◆ Directions: What you return must be exactly the lines from the beginning of the material through the line containing "8月12日,河北省盧龍縣蛤泊鎮(zhèn)鮑子溝村一家葡萄種植合作社社員在采摘葡萄。(新華社記者 楊世堯 攝)", both included, and no pictures.
────────
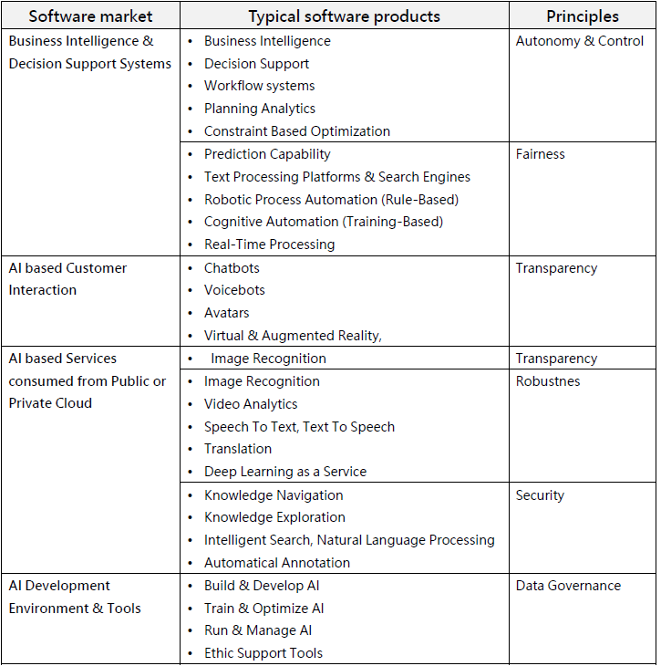 表3:軟體市場和典型 AI 應用概述表
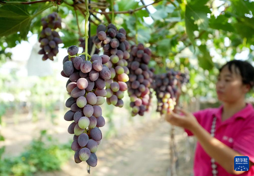 8月12日,河北省盧龍縣蛤泊鎮(zhèn)鮑子溝村一家葡萄種植合作社社員在采摘葡萄。(新華社記者 楊世堯 攝)
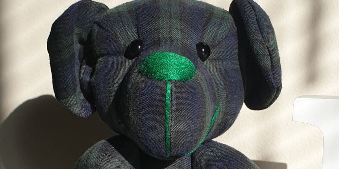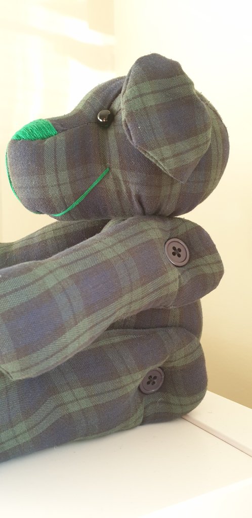 Luckily I have a friend, Kate, who I met on my travels years ago in Japan, she set up The Ribbon Rose Studio and makes memory bears and blankets along with other crafty creations, so I finally got round to sending off one of Little Miss’ old summer dresses and a bit of her house tshirt (the rest of it is in the box with the other bits!) for it to be made into a teddy bear.
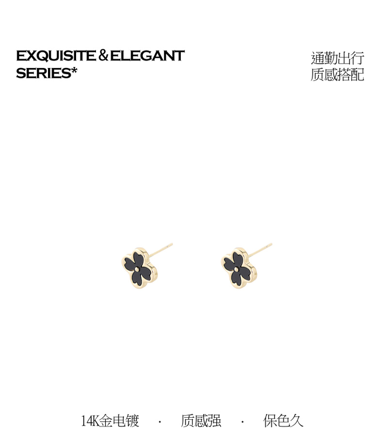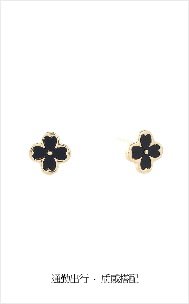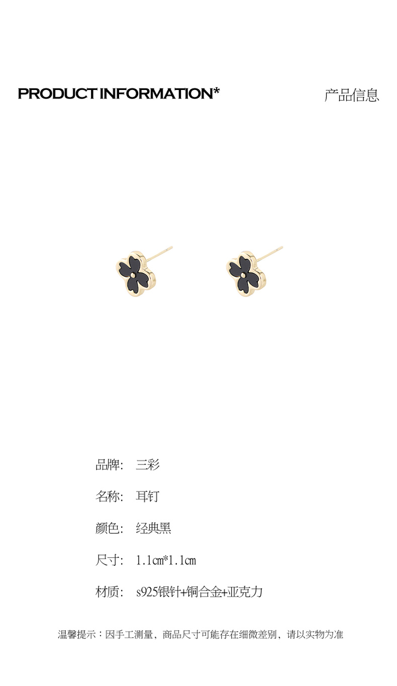 三彩2026新款黑金四叶花耳钉S925银针复古甜酷小众时尚约会通勤女
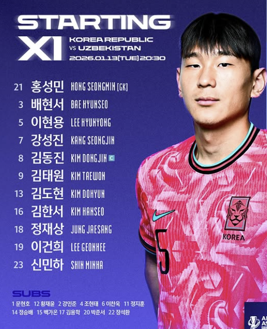 이민성호는 13일(한국시간) 오후 8시30분부터 사우디아라비아 리야드 프린스 파이살 빈 파드 스포츠시티 경기장에서 킥오프한 2026 아시아축구연맹(AFC) U-23 아시안컵 조별리그 C조 최종전 우즈베키스탄과의 맞대결에서 후반 3분 만에 상대 베루존 카리모프에 선제골을 내줬다.
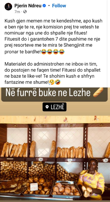 Shkak për hapjen e këtij konkursi janë bërë emigrantët në qytetin e Lezhës, ku vet Pjerin Ndreu ka postuar një foto, ku duket një emigrante me ngjyrë, e cila punon në një furrë buke në Lezhë.
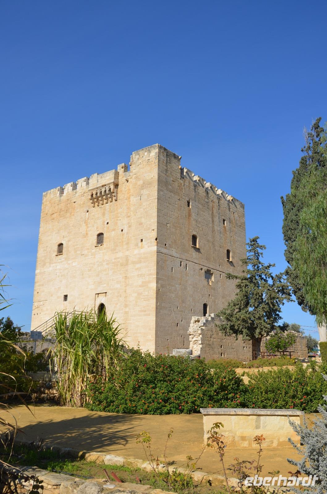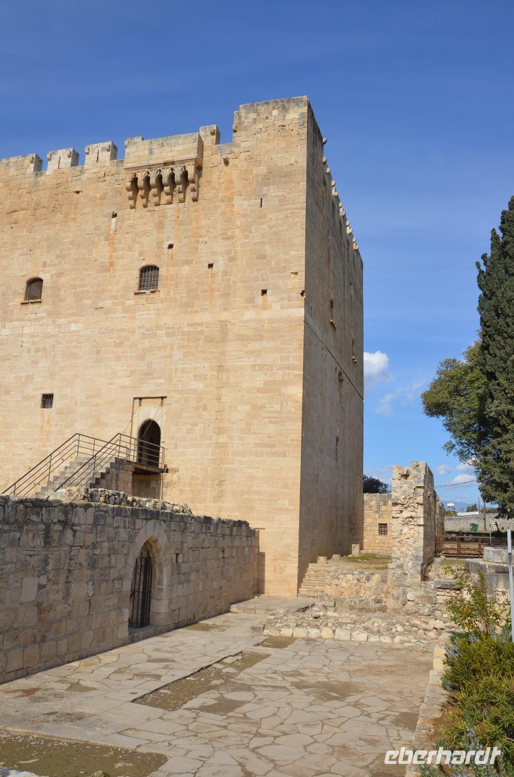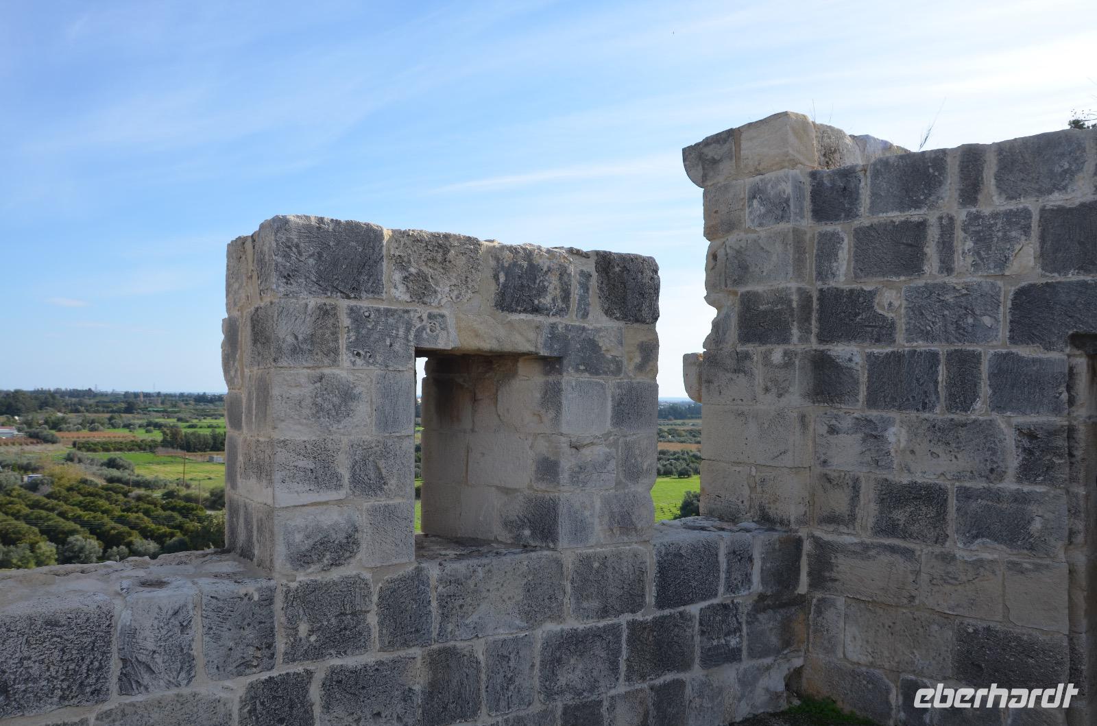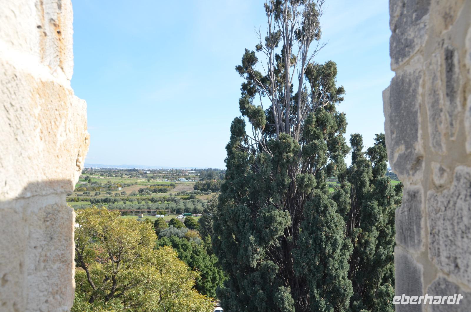 Wir fuhren weiter zur Kolossi-Burg. Die 3-stöckige Johanniterburg besitzt im vorderen Teil eine Zugbrücke, über die wir in das Gebäude gelangten. Hier durchliefen wir zuerst die Küche und danach die Schlafsäle. Auf der mittleren Etage bekam wir den Commandaria zu probieren. Der Name stammt von der Kommandantur der Johanniter. Sie stellten nicht nur den Dessertwein her, sondern bauten ebenfalls Zuckerrohr an. Zypern war der zweite Sitz der Johanniter, nach Jerusalem. Später folgten Malta und Deutschland. Bei dem grandiosen Wetter lohnte sich der Ausblick von der dritten Etage. Wir stiegen die schmale Wendeltreppe empor und genossen die warmen Sonnenstrahlen auf der Burg. Auch die Außenanlage ist einen Spaziergang wert und vorne am Kiosk gab es frisch gepressten Orangensaft, welchen wir uns nicht entgehen lassen wollten.
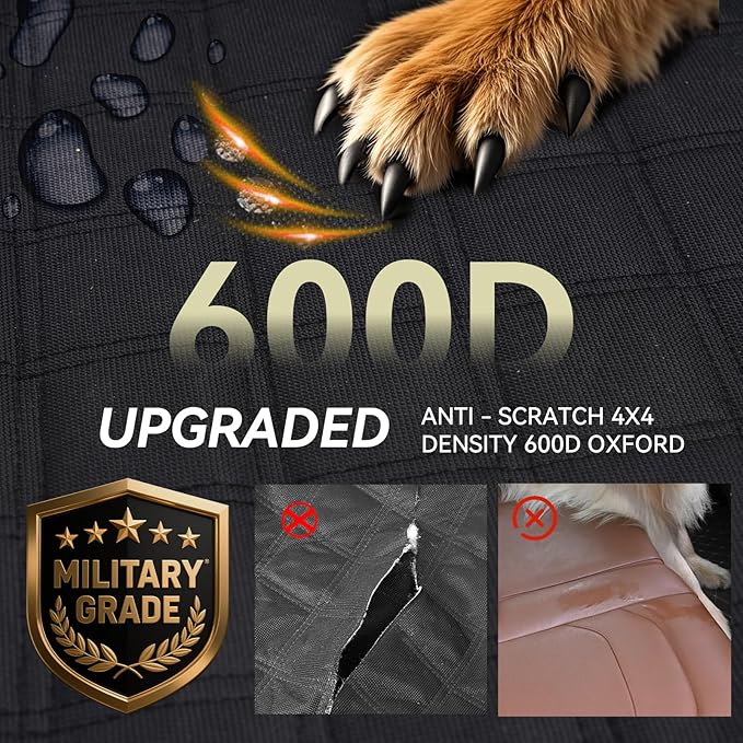 - Waterproof & Anti-Slip Design:Crafted using an advanced heat-pressing process with 7 layers of materials, including 600D Oxford fabric and 210D Oxford fabric, Our back seat cover provides superior waterproof protection. The anti-slip bottom ensures your dog won’t slide off during the ride.
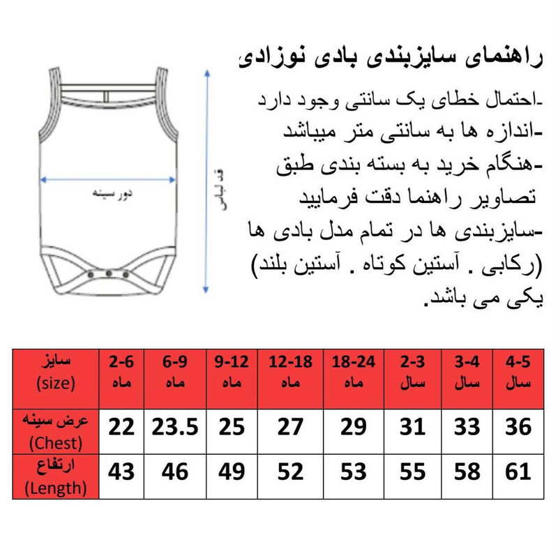 پنبه 40 درصد پلی استر 30 درصد الیاف نخی 20 درصد موجود در 7 سایز متفاوت بسیار لطیف و نرم سازگار با پوست نوزاد شما مناسب فصل پاییز بهار و زمستان توجه توجه سایز های 1 تا 3 برای راحتی نوزاد سرشانه دکمه ای می باشند
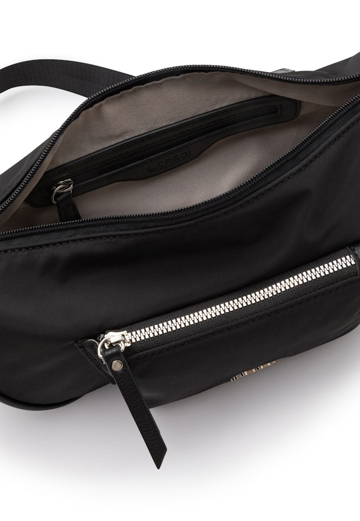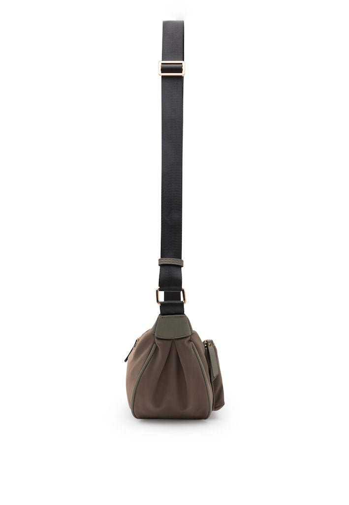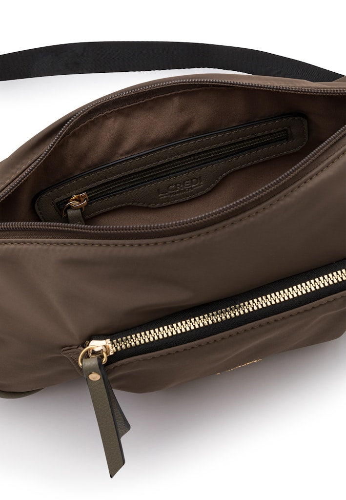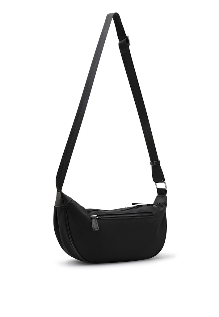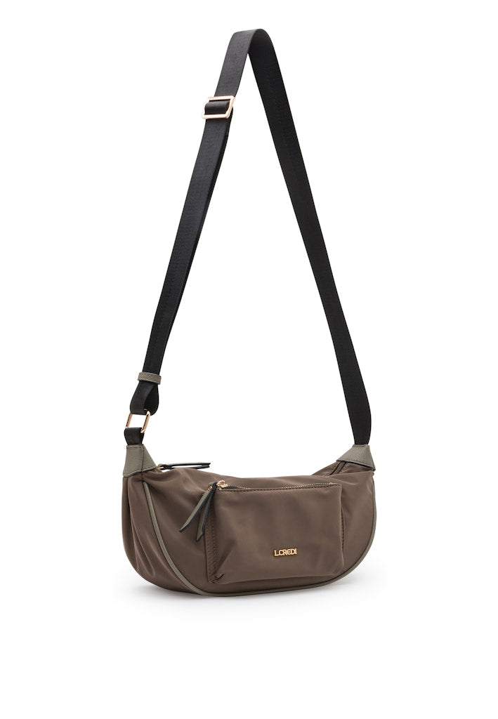 Mit ODETA kommt eine super trendige Nylon Bag auf die Showbühne der Modewelt. Das halbrunde Design erinnert an lässige Bauchtaschen, nur in größer und bequemer. ODETA hat einen breiten Textilriemen, damit sie als Cross Body Bag komfortabel auf der Schulter liegt. Sie verfügt nicht nur über das große Hauptfach, sondern hat zusätzlich auf der Front- und Rückseite eine kleine Tasche mit Reißverschluss. Ihr Design verhilft Outfits zu einem sportiven Charakter. Eine elegante Note verleiht ihr die umlaufende Paspel, die farblich passend gestaltet wurde. Somit bleibt es stets bei einer casual Nuance, die die Umhängetasche umgibt.
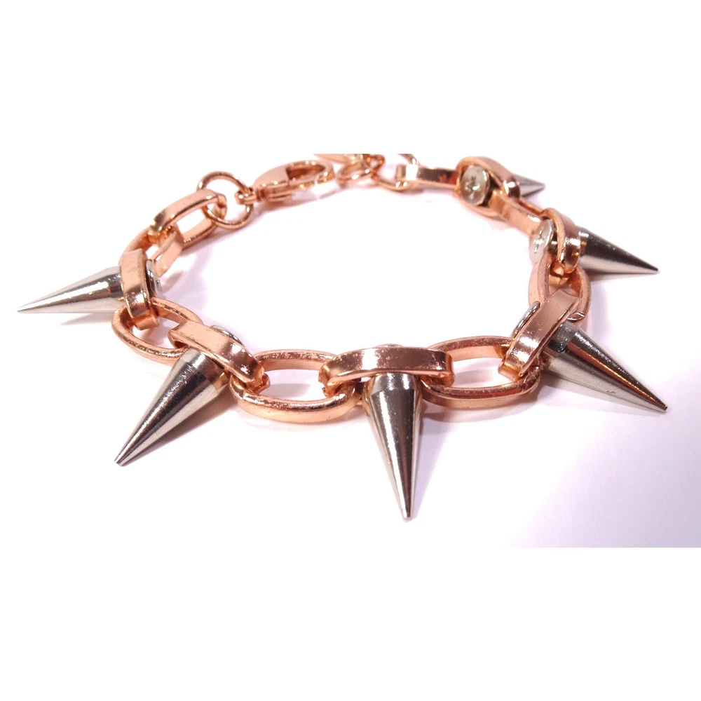 JOOMI LIM Single Row Spike Bracelet NWOT $159.00 Sold Individually Rose gold /rhodium SILVER Jommi Lim Chain and Spike Rose Gold and SILVER SPIKE plated bracelet. 3/4" Spikes in Holographic Blue. Measures 6 1/2" or with extension 7 1/2" ROSE GOLD AND SILVER CLASSIC JOOMI LIM CHARMED BRACELET STYLE DEFINING BRACELET In 2009, New York-based wife & husband duo Joomi Lim and Xavier Ricolfi launched a collection of daring, high-fashion jewelry that could easily be called rock-n-roll chic. Joomi's sensibility lends feminine and intricate details to the collection, while Xavier's industrial designer roots bring in unusual materials, finishes and cutting-edge technologies. Together, they create playful jewels with juxtaposing styles of hard-soft, sweet-sleek, uptown-downtown, and glam-rock. Equal parts elegant and edgy, this necklace will set the tone for any outfit and instantly elevate any look. We particularly like taking it out of its usual glamorous cocktail setting and wearing it with a simple t-shirt and jeans for unexpected polish.
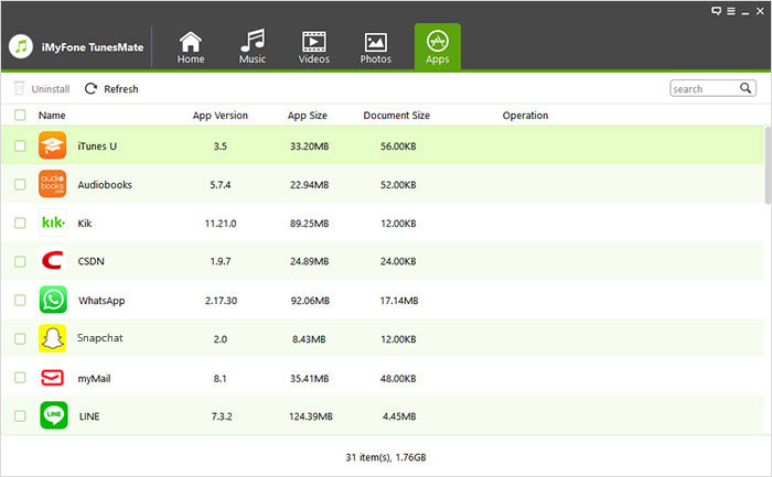 Poslední záložku tvoří Apps a překvapivě zde najdeme aplikace. Konkrétněji jde o seznam všech nainstalovaných aplikací, které máte ve vašem připojeném zařízení nainstalované. Vidíte jejich verzi, velikost a velikost přidružených souborů. V tomto okně můžete aplikace odstraňovat a to jak po jedné, tak i po několika zároveň. Aplikace o které již nestojíte stačí jen označit a zvolit možnost odstranit.
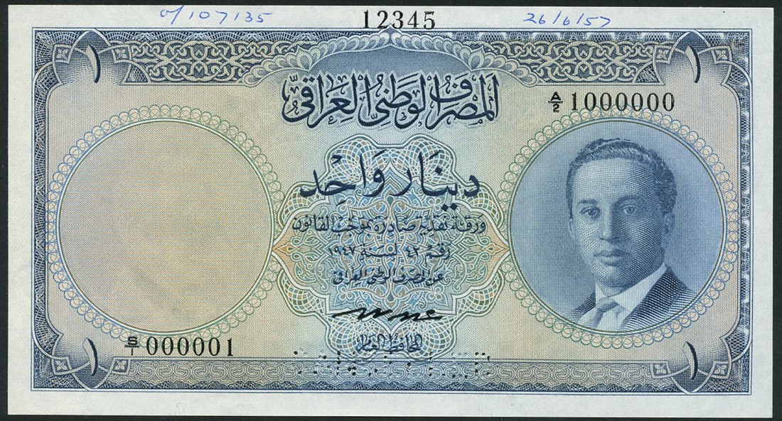 (†) National Bank of Iraq, printer's archival specimen 1 Dinar, Law of 1947 (1955), serial number run S/1 000001 to A/2 1000000, blue on multicoloured underprint, portrait of adolescent King Faisal II at right, reverse equestrian statue of King Faisal I at centre, denomination in ornate pattern at left, watermark large head, perforated CANCELLED
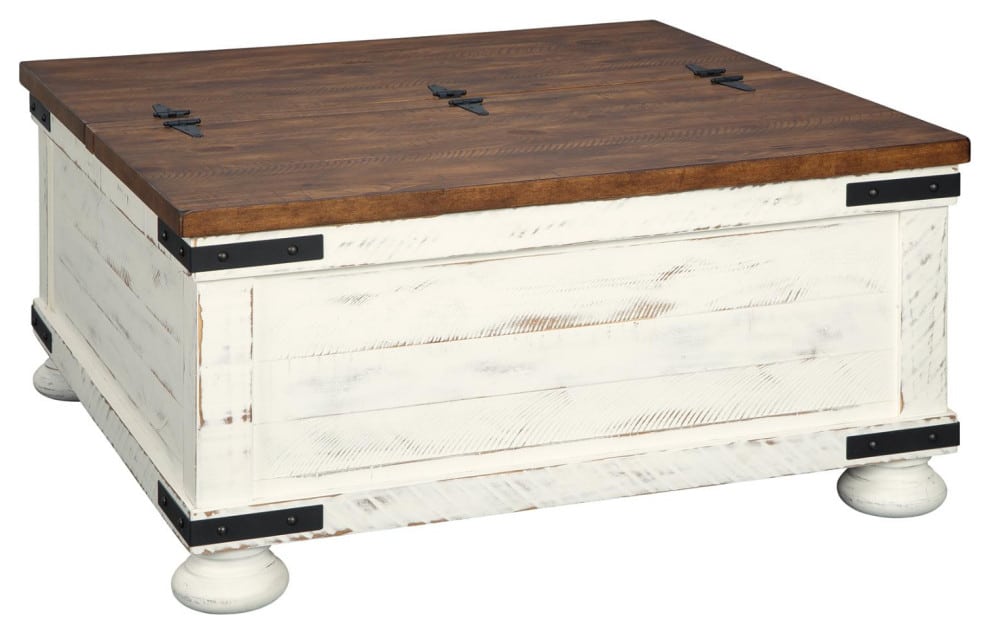 Featuring a weathered gray finish, this coastal coffee table complements your beach-themed indoor living room decor like none other. It features a functional lift top that makes it easy to work and eat from your sofa. Underneath the tabletop is a storage compartment that is ideal for your throw blankets, board games, and magazines. The faux drawer handles also add an extra layer of charm to the table.
────────
◆ Response to this exercise:
 表3:軟體市場和典型 AI 應用概述表
 8月12日,河北省盧龍縣蛤泊鎮(zhèn)鮑子溝村一家葡萄種植合作社社員在采摘葡萄。(新華社記者 楊世堯 攝)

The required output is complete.